Anda di halaman 1dari 10

UTS Dr. Masdalina Pane, M.

Kes

NAMA : NERRY ARMIS SIBUEA, SKM

NIM : 230101063

1. Buatlah Metode dan Skema Surveilans Berbasis Laboratorium sebagai salah satu sistem kewaspadaan dini dan Response dengan 5 referensi dan
berikan penjelasan

SURVEILANS PENYAKIT POTENSIAL KLB/WABAH BERBASIS LABORATORIUM

1. Metode Surveilans Berbasis Laboratorium: Pemeriksaan Rutin

Metode ini melibatkan pengumpulan dan pemeriksaan sampel secara rutin dari populasi target (misalnya, masyarakat umum, pasien di rumah
sakit, atau hewan ternak). Sampel yang dikumpulkan dapat berupa darah, air, tanah, atau bahan biologis lainnya tergantung pada tujuan
surveilans. Pemeriksaan laboratorium dilakukan untuk mendeteksi adanya patogen atau indikator kesehatan lainnya. Data hasil pemeriksaan
digunakan untuk memonitor tren dan mengidentifikasi peningkatan kasus penyakit atau ancaman kesehatan lainnya.

Referensi:

• CDC. (2012). Laboratory Surveillance for Public Health Emergencies: A Blueprint for Preparedness and Response. Centers for Disease
Control and Prevention.

• World Health Organization. (2017). Laboratory-based surveillance for antimicrobial resistance in Europe: a toolkit.

Penjelasan: Metode surveilans berbasis laboratorium ini dilakukan dengan pemeriksaan rutin terhadap sampel yang diambil dari populasi target.
Dengan melakukan pemeriksaan laboratorium secara berkala, dapat terdeteksi adanya patogen atau indikator kesehatan lainnya yang dapat
menjadi tanda awal adanya ancaman kesehatan masyarakat.

2. Metode Surveilans Berbasis Laboratorium: Sistem Informasi Kesehatan Elektronik

Metode. Ini melibatkan penggunaan sistem informasi kesehatan elektronik (electronic health records/EHR) untuk mengumpulkan dan menganalisis
data laboratorium. Data laboratorium, seperti hasil tes darah atau tes patogen, dikumpulkan secara otomatis dari laboratorium yang terhubung
dengan sistem informasi kesehatan. Pemantauan dan analisis data dilakukan untuk mendeteksi tren atau pola yang mencurigakan, seperti
peningkatan kasus penyakit tertentu.
Referensi:

• Buckeridge, D. L., & Switzer, P. (2017). Surveillance systems for identifying patients at risk of adverse outcomes in primary care: a scoping
review. Journal of the American Medical Informatics Association, 24(3), 631-636.

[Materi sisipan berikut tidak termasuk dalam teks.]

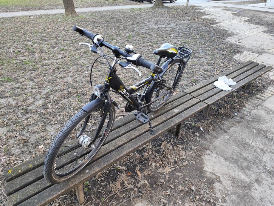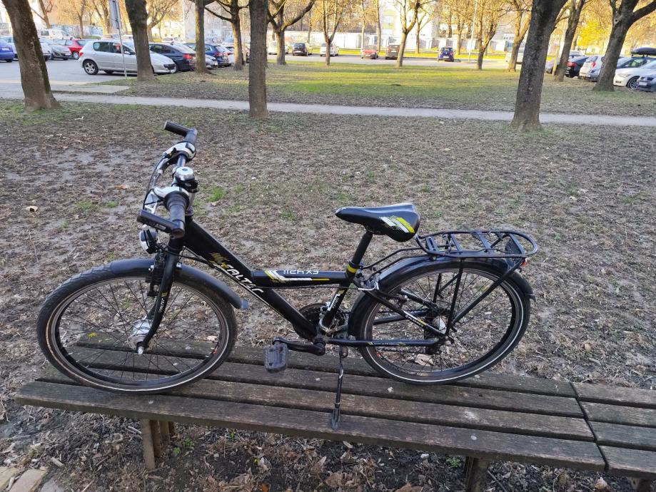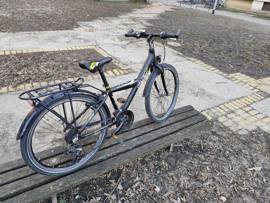 Prodajem dječji bicikl Falter s kotačima veličine 24 inča, aluminijska rama. Bicikl je crne boje s žutim detaljima, opremljen mjenjačem brzina, stražnjim prtljažnikom i blatobranima. Upravljač i sjedalo su podesivi po visini.
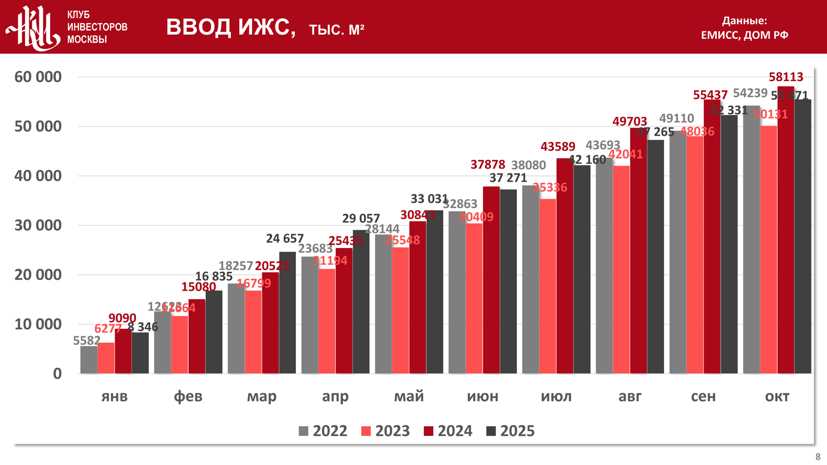Ввод с начала года в эксплуатацию объектов индивидуального жилого строительства (ИЖС) к началу ноября 2025 года составил 55 471 тыс. кв. м., что на 4,5% меньше и на 10,7% больше, чем за тот же период в 2024 и в 2023 годах соответственно:

• Coorevits, P., Sundgren, M., Klein, G. O., Bahr, A., Claerhout, B., Daniel, C., ... & Kalra, D. (2013). Electronic health records: new
opportunities for clinical research. Journal of Internal Medicine, 274(6), 547-560.

Penjelasan: Metode ini menggunakan sistem informasi kesehatan elektronik (EHR) untuk mengumpulkan dan menganalisis data laboratorium.
Dengan memanfaatkan EHR, data laboratorium dapat diakses dan dianalisis secara real-time, memungkinkan deteksi dini dan respons cepat
terhadap ancaman kesehatan.

3. Skema Surveilans Berbasis Laboratorium: Sistem Waspada Pemantauan Virus

Skema ini melibatkan pembentukan jaringan laboratorium yang terhubung dengan sistem pemantauan virus. Laboratorium-laboratorium ini
menerima sampel yang dikirimkan dari fasilitas kesehatan atau lapangan, dan melakukan pemeriksaan untuk mengidentifikasi keberadaan virus
atau mikroorganisme patogen lainnya. Data hasil pemeriksaan dikumpulkan dan dikirimkan ke pusat pemantauan untuk analisis dan pemantauan
situasi. Jika ada peningkatan kasus atau keberadaan virus yang berpotensi membahayakan, tindakan respons yang tepat dapat diambil.

Referensi:

• World Health Organization. (2017). Laboratory biosafety manual. World Health Organization.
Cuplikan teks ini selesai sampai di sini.